> Your objective: With the pictures excluded, reproduce all of the data exactly.

Source data:
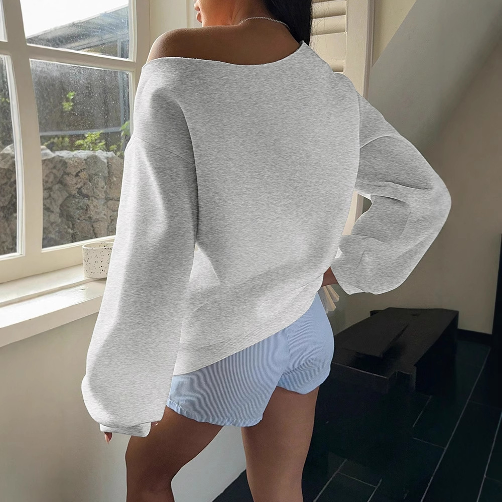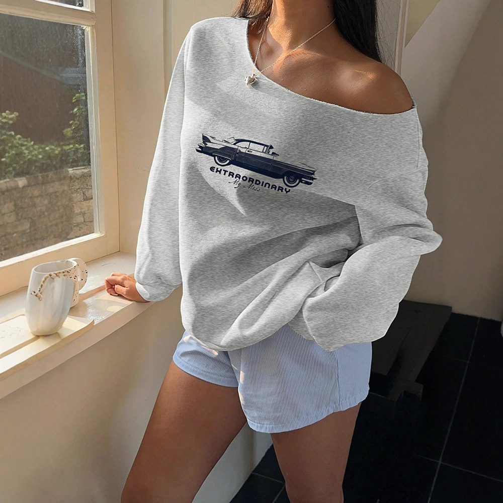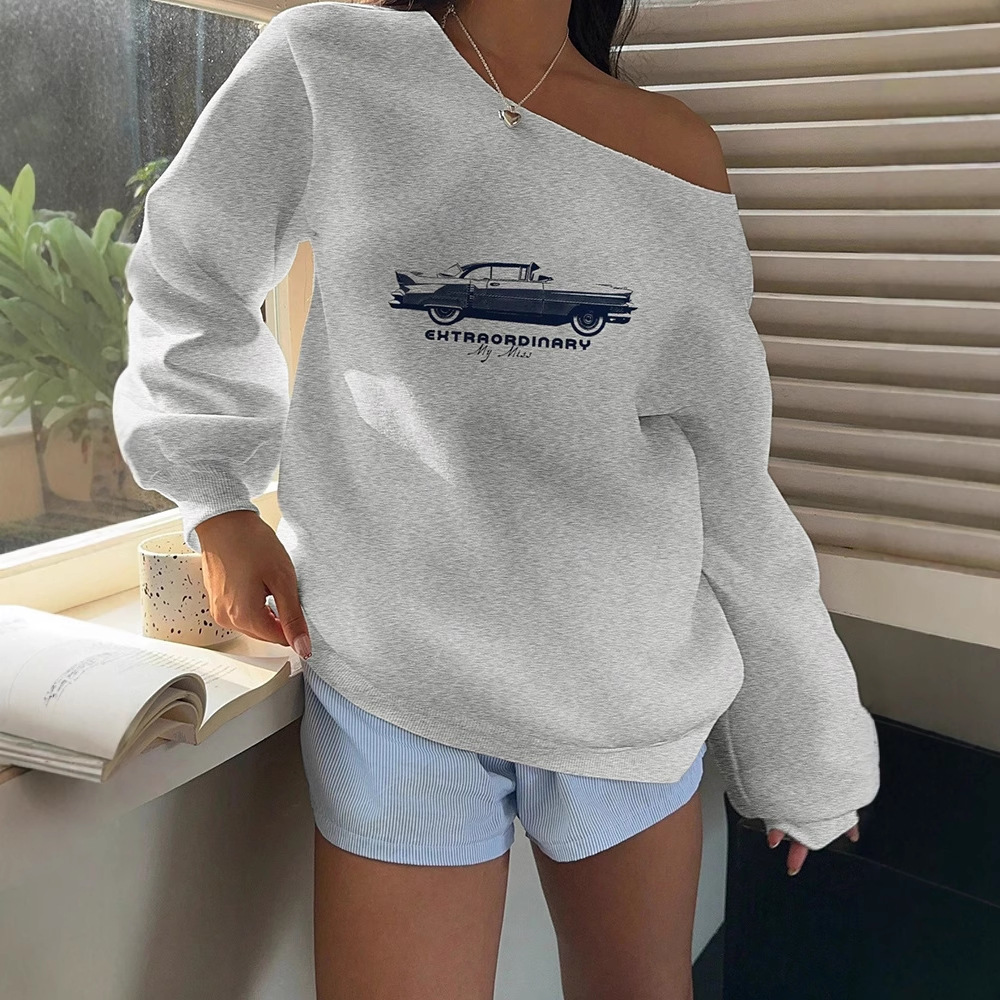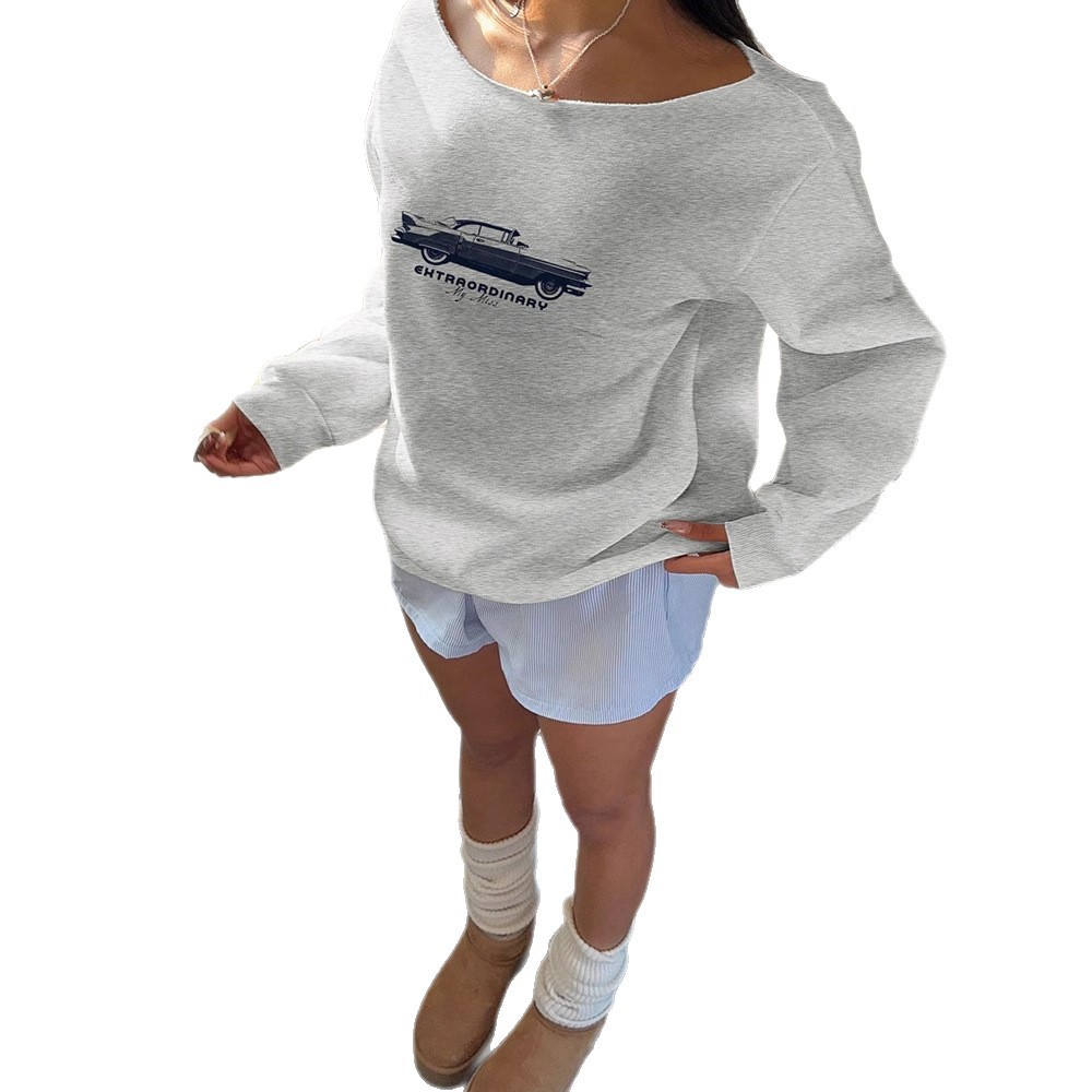Oblique Shoulder Sweatshirt Women's Retro Print Loose And Versatile
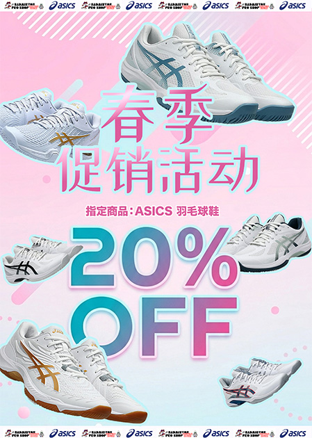 感谢您一直以来的支持与厚爱! 为表达我们的感谢,特别推出春季促销活动! ASICS 羽毛球鞋限时8折优惠! 超值入手机会,千万不要错过!
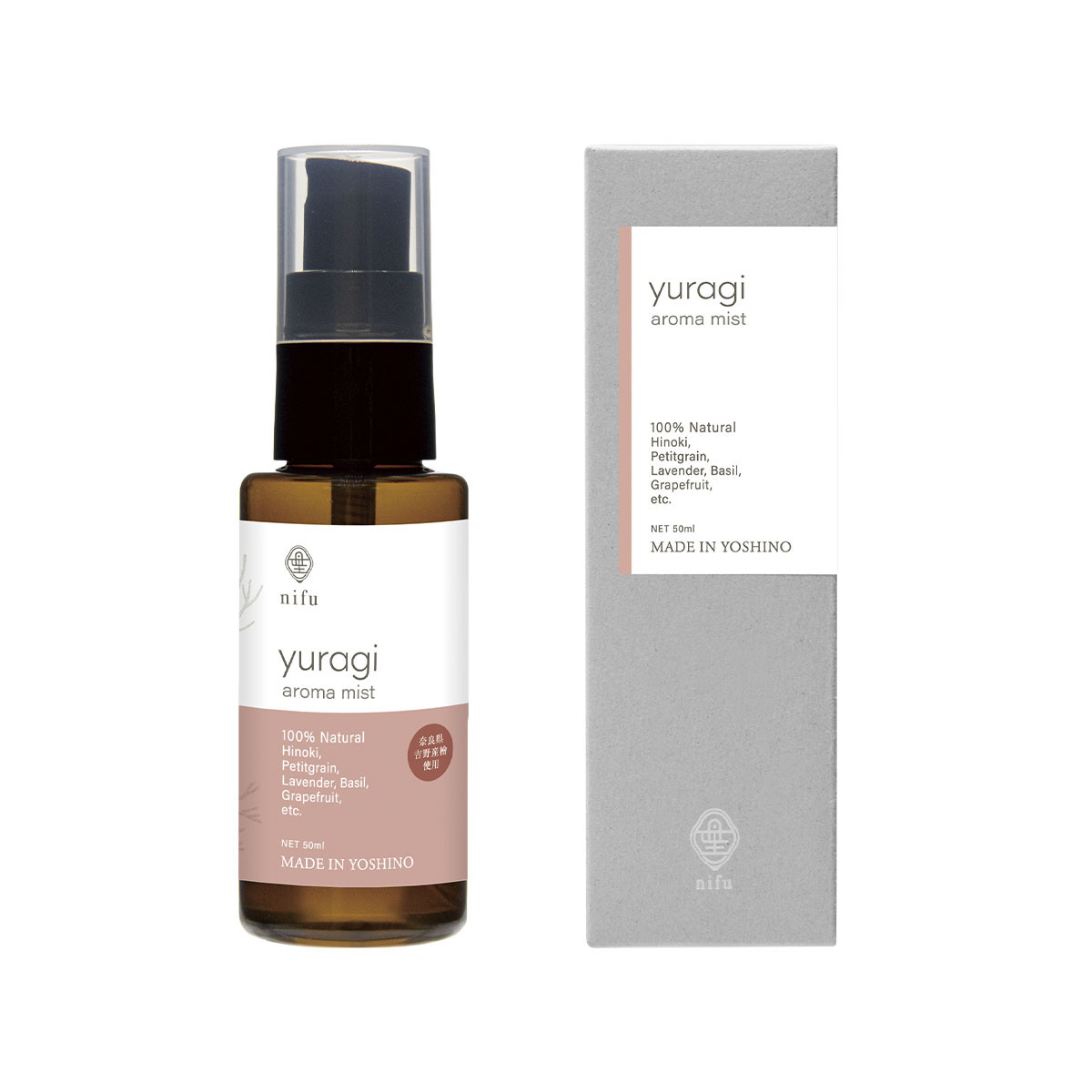 最高級の吉野ヒノキをふんだんに使用した自信作! nifu オリジナル天然精油アロマミスト『yuragi』 50ml×1本 リラックス ひのき 奈良 吉野町
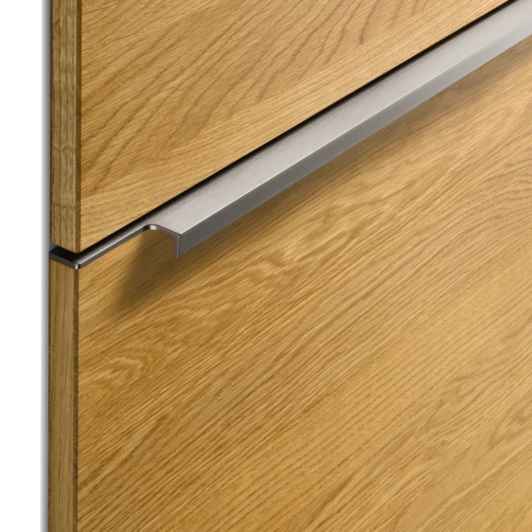 echt.zeit evo ist der nächste Schritt in der Evolution eines außergewöhnlichen Frontprogramms, dessen Design handwerkliche Präzision und echtes Holz zelebriert. Vertikale Fräsungen, bewusst asymmetrisch gesetzt und stets in voller Höhe der Front durchlaufend, erschaffen eine faszinierende Ästhetik, die die Küche optisch als ein Möbel erscheinen lässt.
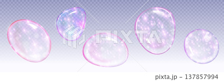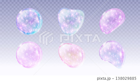 Blue bubble on white and transparent background. Bead, pearl or crystal shape. Sea, ocean or aquarium oxygen ball. Glycerin, hyaluron or collagen oil drop. Chewing gum texture. Vector illustration

> Completed exercise:
Oblique Shoulder Sweatshirt Women's Retro Print Loose And Versatile
 感谢您一直以来的支持与厚爱! 为表达我们的感谢,特别推出春季促销活动! ASICS 羽毛球鞋限时8折优惠! 超值入手机会,千万不要错过!
 最高級の吉野ヒノキをふんだんに使用した自信作! nifu オリジナル天然精油アロマミスト『yuragi』 50ml×1本 リラックス ひのき 奈良 吉野町
 echt.zeit evo ist der nächste Schritt in der Evolution eines außergewöhnlichen Frontprogramms, dessen Design handwerkliche Präzision und echtes Holz zelebriert. Vertikale Fräsungen, bewusst asymmetrisch gesetzt und stets in voller Höhe der Front durchlaufend, erschaffen eine faszinierende Ästhetik, die die Küche optisch als ein Möbel erscheinen lässt.
 Blue bubble on white and transparent background. Bead, pearl or crystal shape. Sea, ocean or aquarium oxygen ball. Glycerin, hyaluron or collagen oil drop. Chewing gum texture. Vector illustration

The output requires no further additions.